Neste período, a base de clientes também foi ampliada nas mesmas proporções. Para o diretor-geral da Leucotron, Marcos Goulart, o crescimento da empresa está associado à melhoria da gestão. "ramos muito técnicos e pouco comerciais. Agora, passamos a ser mais comerciais", explicou. A empresa contou com a Fundação Dom Cabral (FDC) para reestruturar as áreas de gestão e finanças. "Fomos atrás de certificações. Com isso, conseguimos fechar negócios com clientes de grande porte como Caixa Econômica Federal (Caixa), Oi, Embratel e Telefônica."
Cerca de 10% do faturamento bruto é direcionado para o setor de desenvolvimento. A empresa também investe no quadro de pessoal por meio de bolsas de estudos, por exemplo. "Queremos investir nos nossos funcionários com o intuito de reter talentos", comentou. Com a ampliação da fábrica serão contratados, até o término do exercício, 25 funcionários.
Segundo o diretor-geral, para a manutenção do bom desempenho os negócios estarão voltados para o lançamento de produtos na área de internet protocol (IP). Apesar de não revelar, Goulart afirmou que outras estratégias estão sendo desenvolvidas. "No entanto, o momento ainda não é propício para sinalizarmos o que será feito", disse.
A sobrevalorização do real frente ao dólar é visto como uma "faca de dois gumes". Como grande parte dos insumos é importada, por um lado beneficia os negócios porque a empresa consegue diminuir o preço final dos produtos e aumentar o volume de vendas. Em contrapartida, o enfraquecimento da moeda norte-americana favorece a entrada de produtos estrangeiros e prejudica as exportações.
Embora incipientes, os embarques são direcionados para o México e Peru. Já as matérias-primas são compradas nos países asiáticos, europeus e nos Estados Unidos. O desembaraço aduaneiro é realizado no porto seco de Varginha, município localizado na mesma região.

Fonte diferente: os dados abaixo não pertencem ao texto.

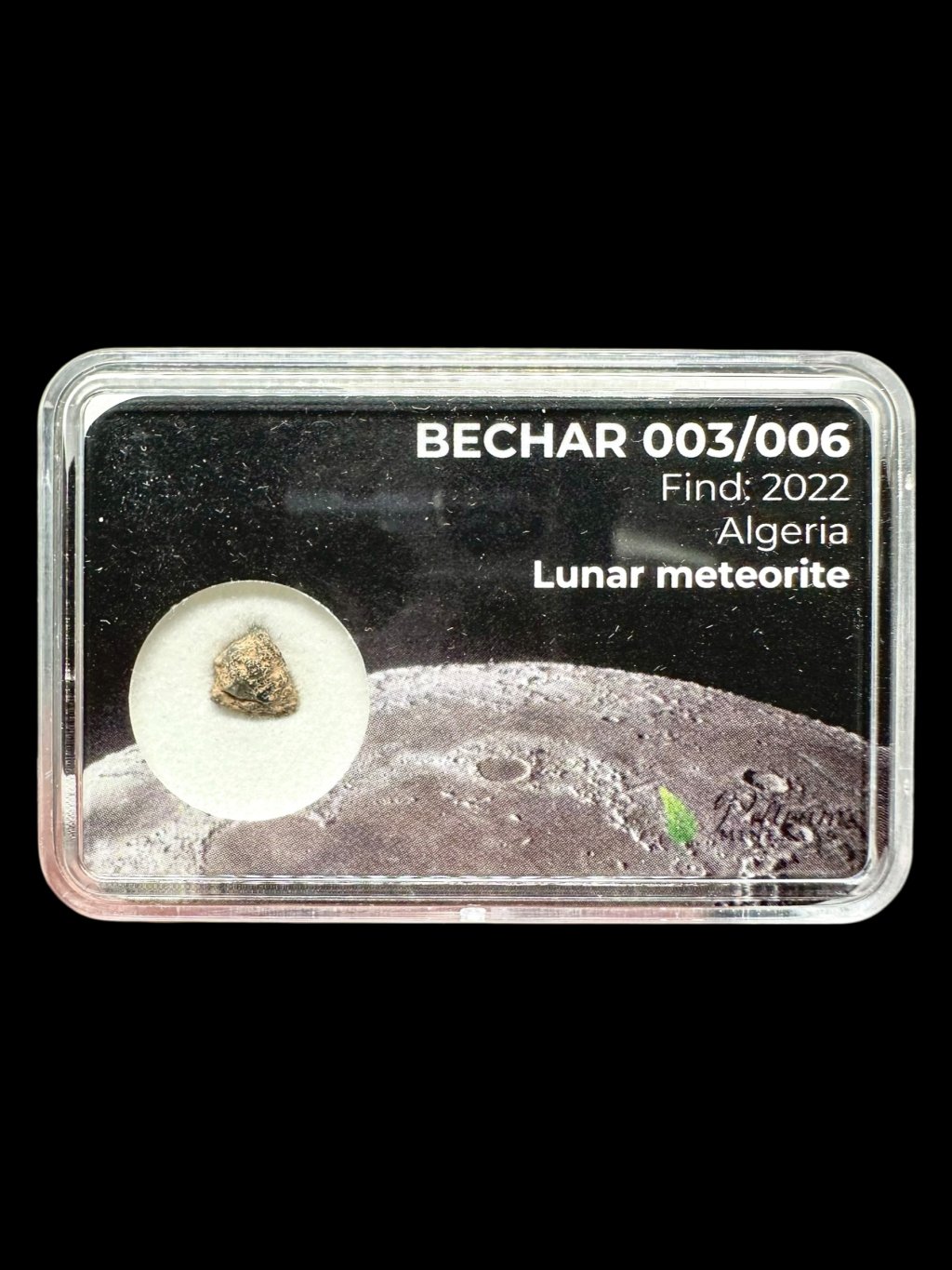 Bechar 003 ist ein lunare Meteorit, der durch den Einschlag eines Asteroiden auf der Mondoberfläche entstand und dabei Material ins All schleuderte. Ein Teil dieses Materials kann, wenn er schnell genug ist, dem Schwerefeld des Mondes entkommen und in Richtung Erde fliegen. Der Flug kann Tausende bis Millionen Jahre dauern, bevor der Meteorit in die Erdatmosphäre eintritt und auf der Erde landet. Der Mond, unser nächster Himmelskörper, macht nur 0,08 % aller bekannten Meteoriten aus, was lunare Meteoriten äußerst selten macht.

Um dos entraves que a empresa enfrenta é a concorrência, tanto no mercado interno quanto o externo, com os produtos não homologados. "Prejudica as vendas porque competimos com algumas marcas que são mais baratas, mas não têm o aval dos órgãos competentes para estarem no mercado. Falta uma maior fiscalização", explicou.
Questionado sobre os possíveis benefícios com a implantação do pólo de microeletrônica em Vespasiano, na Região Metropolitana de Belo Horizonte (RMBH), Goulart afirmou que os ganhos serão em relação ao estoque e ao preço do frete. "Não será mais preciso empatar o capital com a formação de estoque. Além disso, haverá uma economia em relação ao frete. Uma coisa é você comprar os insumos na Ásia, outra é adquirir dentro do Estado."